Law Firm does not offer citation to case law to support this argument.
Further, because Law Firm, itself, did not pay Gipson, the issue is governed by the collateral source rule. "The collateral source rule provides 'that compensation received by an injured party from a source wholly independent of the wrongdoer will not reduce the damages owed by the wrongdoer.'" Covington v. George, 359 S.C. 100, 103, 597 S.E.2d 142, 144 (2004) (quoting Citizens and S. Natl. Bank of S.C. v. Gregory, 320 S.C. 90, 92, 463 S.E.2d 317, 318 (1995)). "A tortfeasor cannot 'take advantage of a contract between an injured party and a third person, no matter whether the source of the funds received is an insurance company, an employer, a family member, or other source.'" Id. (quoting Pustaver v.
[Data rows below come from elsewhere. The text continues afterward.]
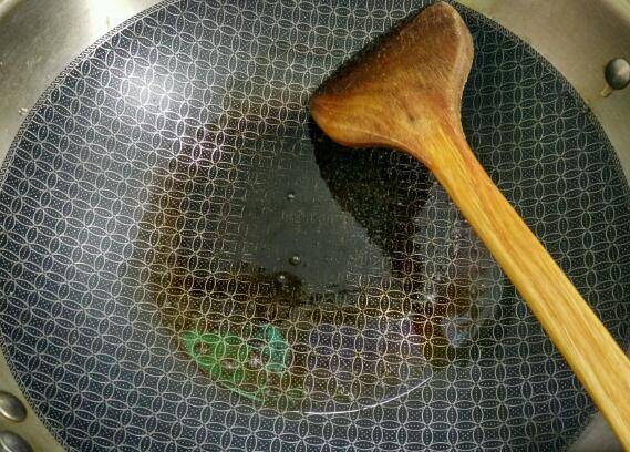 7、热锅倒入适量植物油烧八成热,放入大蒜爆香。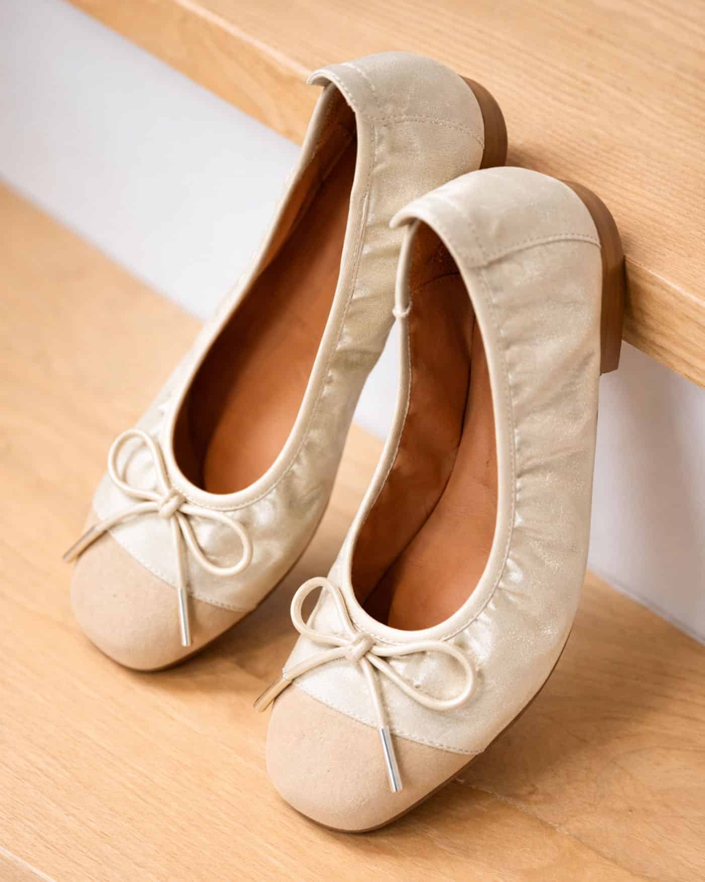 La teinte dorée, ni trop flashy ni trop discrète, est par ailleurs juste ce qu’il faut pour apporter une touche de lumière et de sophistication à votre look. Ce choix de couleur permet une grande polyvalence. Elle s’associe aussi bien à des vêtements neutres qu’à des tenues plus colorées, pour un effet stylé et raffiné. Avec leur petite touche de beige sur la pointe du pied, elles offrent originalité et raffinement. Un autre élément apporte une grande distinction à cette paire de ballerines : le nœud doré placé délicatement sur le dessus du pied. Simple et discret, il permet de mettre en valeur la féminité et l’élégance de la ballerine.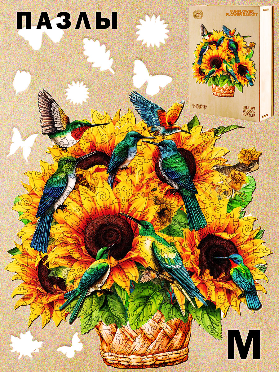 Деревянный 3D пазл Woodbests 6256-WP Корзина с Подсолнечниками M интересное: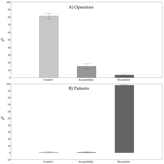 Values and 95% confidence intervals of thermal comfort, acceptability and discomfort for operators (A) and patients (B).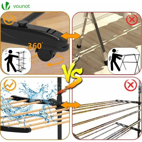 - Avec deux pieds et 4 roues intégrées, vous pouvez facilement déplacer notre étendoir partout.

Gooden, 350 S.C. 409, 413, 566 S.E.2d 199, 201 (Ct. App. 2002)).
CONCLUSION
Based on the foregoing, we find expert testimony was not required to establish a standard of care on subject matter within the common knowledge of laypersons and it was within the jury's judgment and discretion to decide the amount of the award. Accordingly, the holdings of the circuit court are
AFFIRMED.
WILLIAMS, C.J., and GEATHERS and VERDIN, JJ., concur.